Configuring Data Fabric to Track User Behavior

Describes how to configure Data Fabric to be able to track user behavior.

Introduction

When auditing is enabled in Data Fabric, files, streams, S3 objects, and tables can be audited for cluster administration and/or data access operations. See Enabling and Disabling Auditing of Cluster Administration to enable auditing for cluster administration.

See Streaming Audit Logs for information on audit log streaming. See Enabling and Disabling Audit Streaming Using the CLI to enable audit streaming.

Data Fabric generates audit logs for the services that are related to various Data Fabric components. The services include CLDB, S3, MFS, auth. Auth logs are authentication audit logs.

Auditing is useful to record user behavior and assists in tracking anomalies or potential data security threats with respect to Data Fabric. See Auditing in Data Fabric for information on auditing.

See Log files on information about the various log files generated by Data Fabric.

See Viewing Audit Logs for information on how to view audit logs in Data Fabric.

Data Fabric audit logs provide insights into the activity that has taken place in relation to a cluster.

The audit logs are stored on nodes on which the respective service runs. This makes it cumbersome to establish a correlation between the various logs.

Data Fabric stores audit logs in files and the audit logs can be directed to streams. However, it is not possible to run queries on streams on Data Fabric. Hence, the stream data is directed to and is stored on Apache Iceberg tables. There are various tools like Apache Spark and Apache Zeppelin. Apache Spark can be used to run queries on the audit log data stored on Iceberg, whereas Apache Zeppelin can be used to provide graphical insights. Apache Zeppelin can make use of customizable queries to generate dashboards.

You can write applications that consume the audit log data stored on Iceberg to detect anomalies in user behavior.

The insight service can be installed from mapr-insight package available on the HPE website that hosts the MEP packages.

The insight service uses Hive Metastore to store and manage the Iceberg catalog. Hive Metastore must be accessible to insights service for storing audit logs in Iceberg table. You must have the mapr-hivemetastore package installed and configured on your cluster to be able to use the insight service.

Hive Metastore requires a relational database management system like MySQL in production setups. See Using MySQL for the Hive Metastore to use MySQL with Hive Metastore.

To set up MySQL to work with the Hive Metastore and Data Fabric, see Configuring a Remote MySQL Database for Hive Metastore.

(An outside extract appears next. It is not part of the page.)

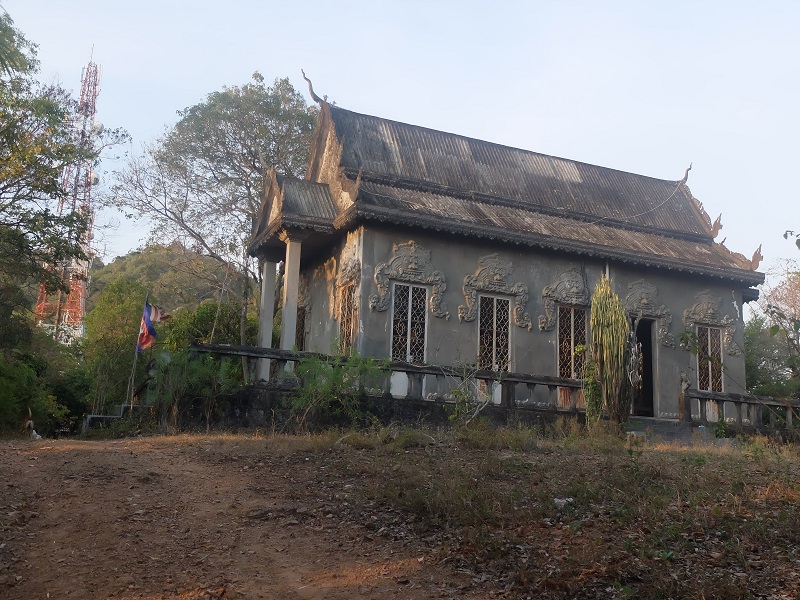 On my way however I did have a rather unsettling experience involving a dog. There are lots of dogs in Cambodia, the majority look fairly well looked after and won’t bother you. I was passing a temple about 15 minutes away from my final destination when a dog came running out from the temple grounds towards me barking aggressively. I assumed he’d give me a few cautionary barks and then leave me alone, but no, he seemed pretty annoyed that I was on his turf. He continued to bark, growl and bare his teeth. I kept walking, looking straight ahead and trying to keep calm as he weaved backwards and forwards across the path at my feet. “Good dog, nice dog, please go away dog” I sang gently under my breath! Finally after about 30 meters, which I tell you felt more like 100 meters, he stopped following me and trotted back into the temple. I thought for a Buddhist dog – my assumption as he had an orange scarf tied around his neck and came from the temple – he was pretty aggressive! With my heart still pounding I continued along the path to Sunset Rock. It was about 5:15pm now and the sun was getting low in the sky. My next dilemma; the path to Sunset Rock was becoming increasingly difficult and narrow. If I stayed to watch the full sunset I’d have to navigate my way back in the dark along the path, and the thought of meeting temple dog in the dark filled me with dread. So after spending two hours walking to the rock I spent less than two minutes there, took a couple of snaps and headed back. Temple dog greeted me again with the same amount of aggressive enthusiasm as before but again was all bark and fortunately no bite!

Data Fabricsupports other production grade databases like PostgreSQL. See Configuring Data Fabric for Hive Metastore for details.

Types of Audit Logs Copied for Analysis

The following audit logs are expanded using a variant of expand-audit utility to include user-friendlier versions of uids, volids, etc. (usernames, volume names, etc.) before committing the logs to Iceberg table.

  • CLDB logs
  • MFS logs
  • authentication logs
  • S3 logs

There are four distinct Iceberg tables designated for each type of audit log stream.

Configure Data Fabric to Track User Behavior

The insight service can be enabled to gather insights at the cluster level, type level, and the node level. The insights service runs on a single node only.

If you do not want data from nodes to be copied to Iceberg, you can disable audit log/insights from node. By default, insights are disabled. When insight feature is enabled, audit logs for all types and all nodes are committed to iceberg tables periodically. Insight commands are available to enable/disable insights based on the type of logs, or on a node-by-node basis.

IMPORTANT
Install and set up your cluster before installing the packages for the insights service and enabling the insights service. The logs are generated and these logs can be converted to streams so that the stream data can be copied to Apache Iceberg tables.

You can use tools like Spark and Zeppelin to run queries on the Iceberg tables to generate various reports and charts required by you to detect any anomalies in user behavior related to the data access operations and cluster administration.

You can customize the insights with the insight CLI command.